Dagger — Detection Engine

Dagger is Sonomos’s PII detection engine. It uses a combination of advanced pattern analysis and on-device AI to identify sensitive data across 62+ categories — all running locally in your browser.

How detection works

When text appears on a page — whether typed, pasted, or loaded — Dagger processes it through multiple detection layers:

Pattern analysis

Deterministic matchers built for structured PII formats. These are fast, precise, and include built-in validation (such as checksum verification for financial identifiers). Examples include:

Social Security numbers
Credit card numbers
Email addresses
Phone numbers (US and international)
IP addresses
Dates of birth
Medical record numbers
Driver’s license numbers
Passport numbers

AI-powered recognition

On-device small language models identify unstructured PII that pattern analysis alone can’t catch:

Person names in free text
Organization names
Location references
Context-dependent identifiers

All AI models run locally on your device — no data is sent to external servers for analysis.

Detection categories

Dagger currently includes 62 detectors with comprehensive test coverage. Each detector classifies matches into severity tiers:

Severity	Color	Examples
High	🔴 Red	SSN, credit card, passport, medical record
Medium	🟡 Amber	Full name, date of birth, address
Low	🟢 Green	Email, phone number, IP address

Severity drives the risk widget color and determines whether Cloak auto-masks or prompts the user.
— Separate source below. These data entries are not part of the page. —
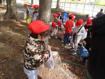 1年生が勧修寺公園に秋見つけに行きました。公園ではたくさんのどんぐりや落ち葉を見つけることができました。友達と声を掛け合いながら、袋いっぱいにどんぐりや落ち葉を集めていました。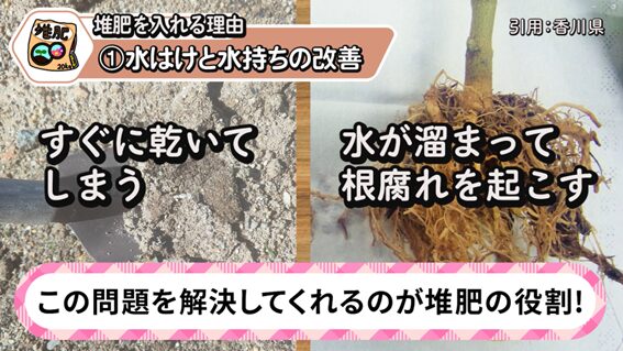堆肥を入れることで土の中に“すき間”ができるので、水はけと水持ちが良くなります。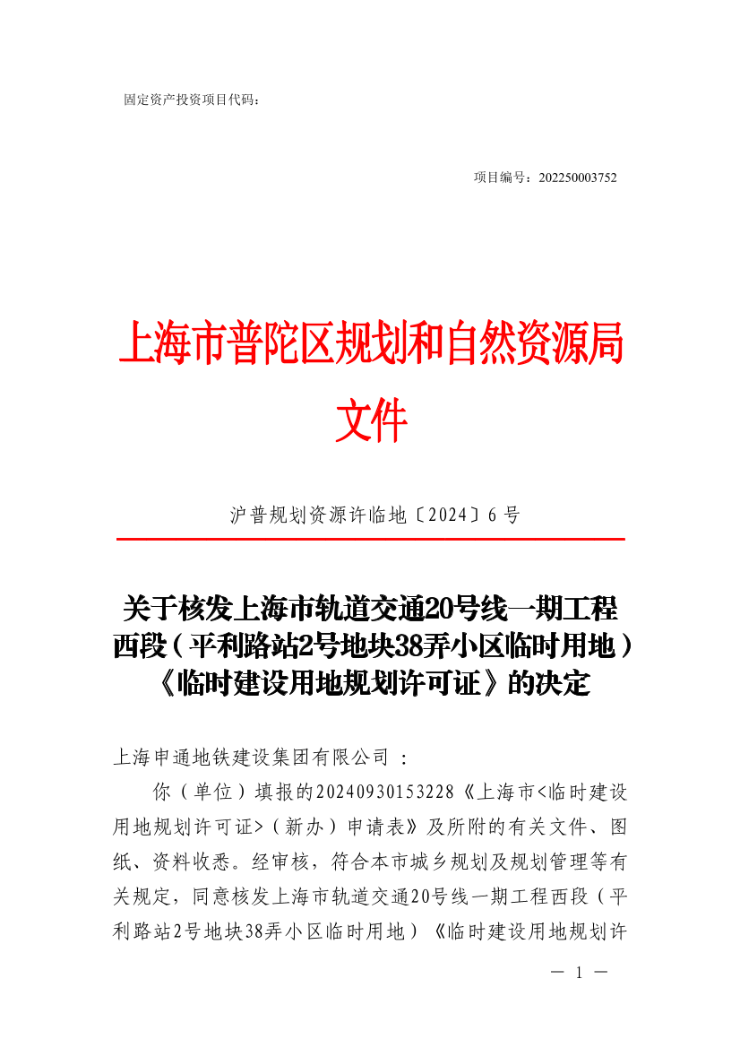 你(单位)填报的20240930153228《上海市<临时建设用地规划许可证>(新办)申请表》及所附的有关文件、图纸、资料收悉。经审核,符合本市城乡规划及规划管理等有关规定,同意核发上海市轨道交通20号线一期工程西段(平利路站2号地块38弄小区临时用地)《临时建设用地规划许可证》(编号:沪普地临(2024)EB310107202400127),并提出有关管理要求如下: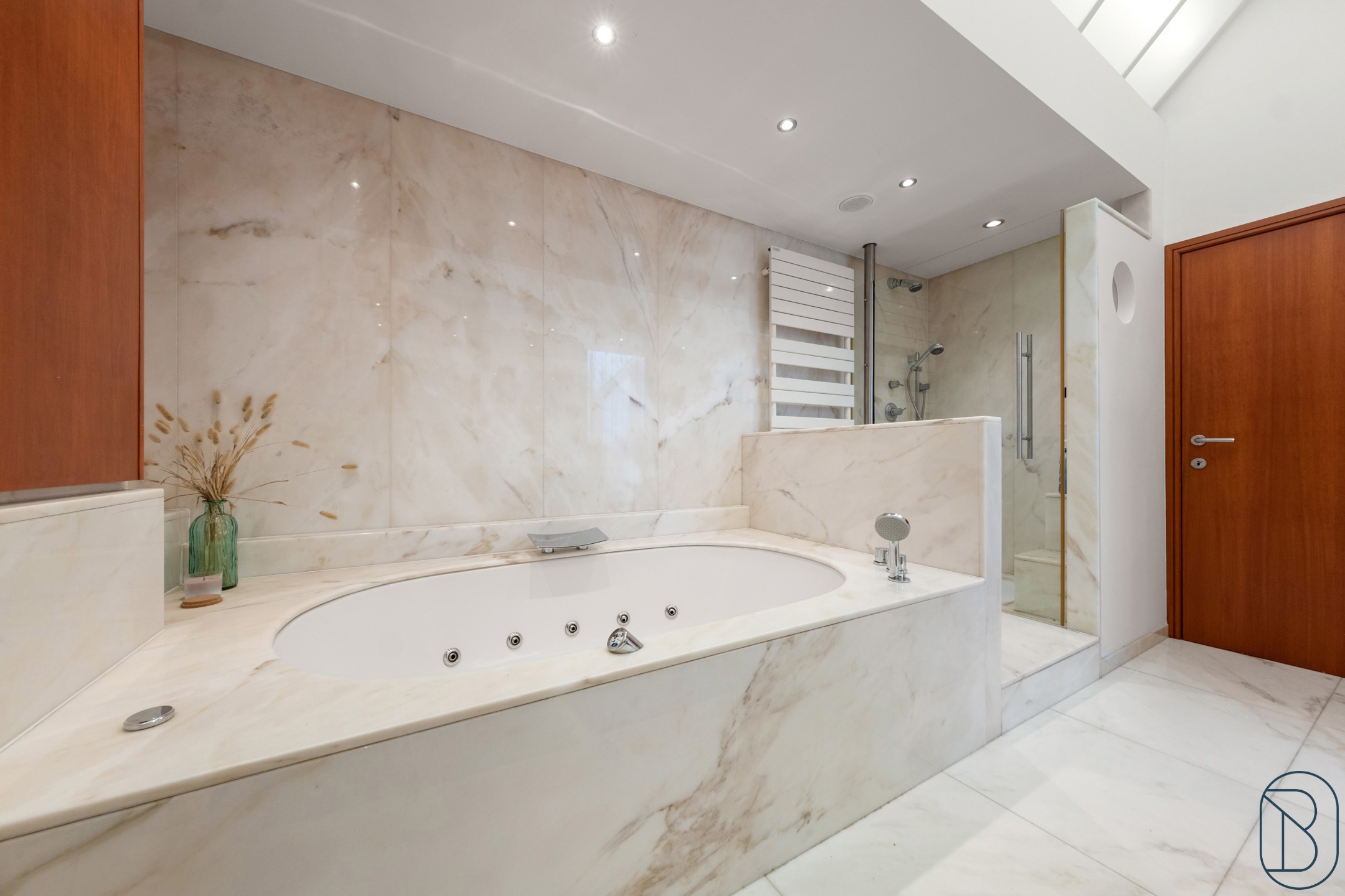 La partie habitation comprend un séjour lumineux avec un espace bureau donnant accès au jardin, une cuisine entièrement équipée avec buanderie attenante et toilettes séparées. À l'étage, on trouve 4 grandes chambres, un dressing, une salle de bain avec douche et baignoire (marbre). Grand grenier pouvant être aménagé en chambre supplémentaire. Jardin ensoleillé avec cour intérieure et terrasse couverte. EMPLACEMENT DE CHOIX.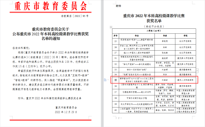 据悉,全市高校微课教学比赛已连续举办八届,深受广大教师欢迎。本次比赛共有来自重庆市28所高校249件作品参与。经过专家评审、复核、公示,评出获奖作品106件(一等奖15件,二等奖40件,三等奖51件)、优秀组织工作奖15个。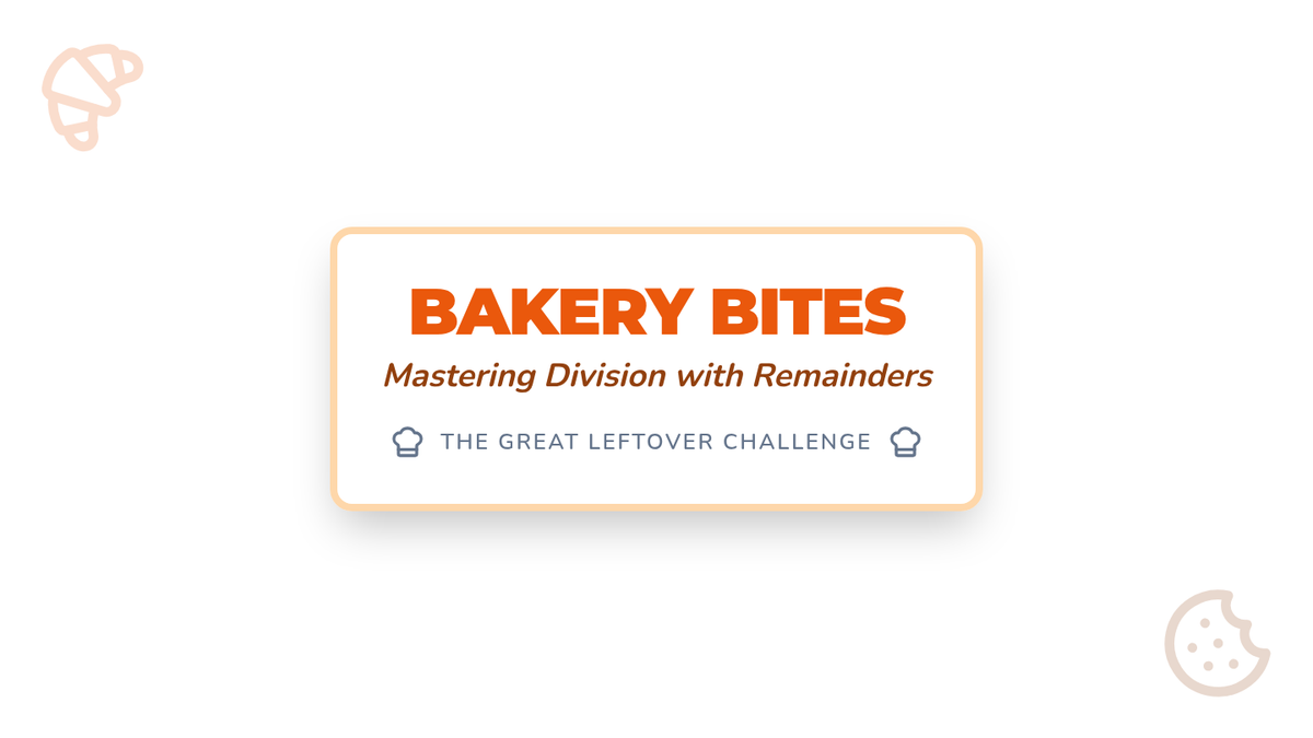 A set of instructional slides teaching division with remainders through a bakery theme, including vocabulary, step-by-step methods, and real-world interpretation.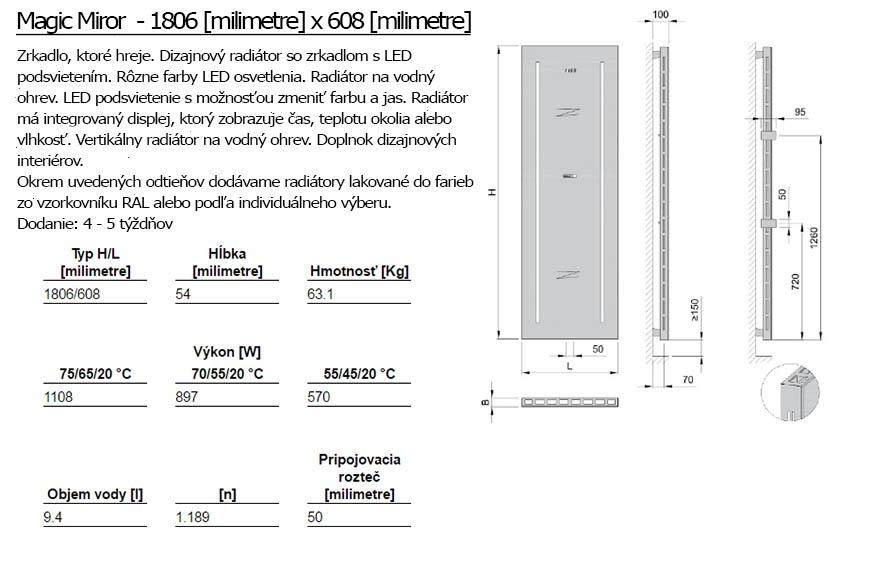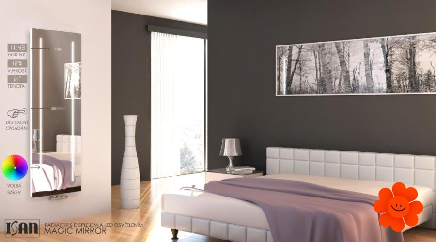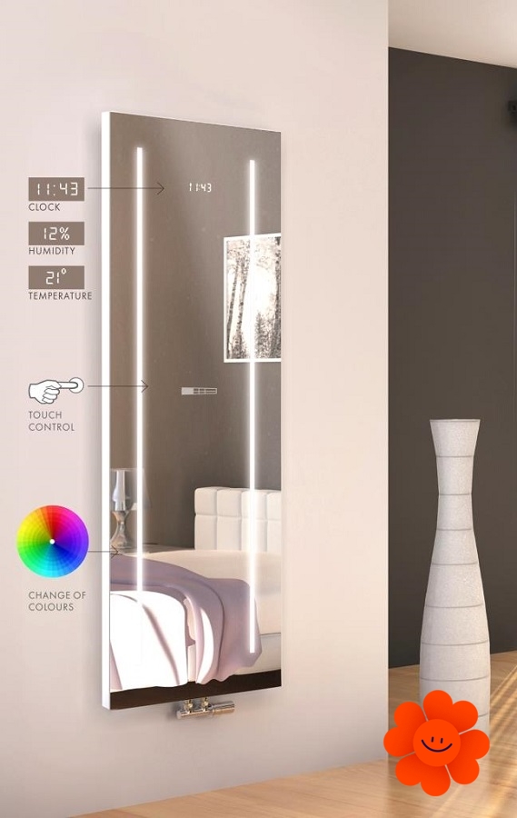 Dieser Heizkörper arbeitet auf der Basis vom Warmwasser-Betrieb. Dank der hohen Leistung und dem minimalistischen Design eignet sich ISAN Magic Mirror für jedes moderne Interieur. Der Spiegel wird um die LED-Hinterleuchtung mit der Möglichkeit der Farb- und Helligkeitsänderung ergänzt. Der Heizkörper verfügt über ein integriertes Display, das die Zeit, Umgebungstemperatur und Feuchtigkeit anzeigt.

Image and document detection

For PII embedded in images (screenshots, scanned documents), Dagger uses optical character recognition to extract text before running it through the same detection pipeline. PDF content is also parsed and analyzed automatically.

Known limitations

ZIP code detection: Some edge cases with street numbers and ZIP codes in certain address formats. An improved version is in development.
Short-token false positives: Very short common words may occasionally be flagged. These are excluded from Cloak masking automatically.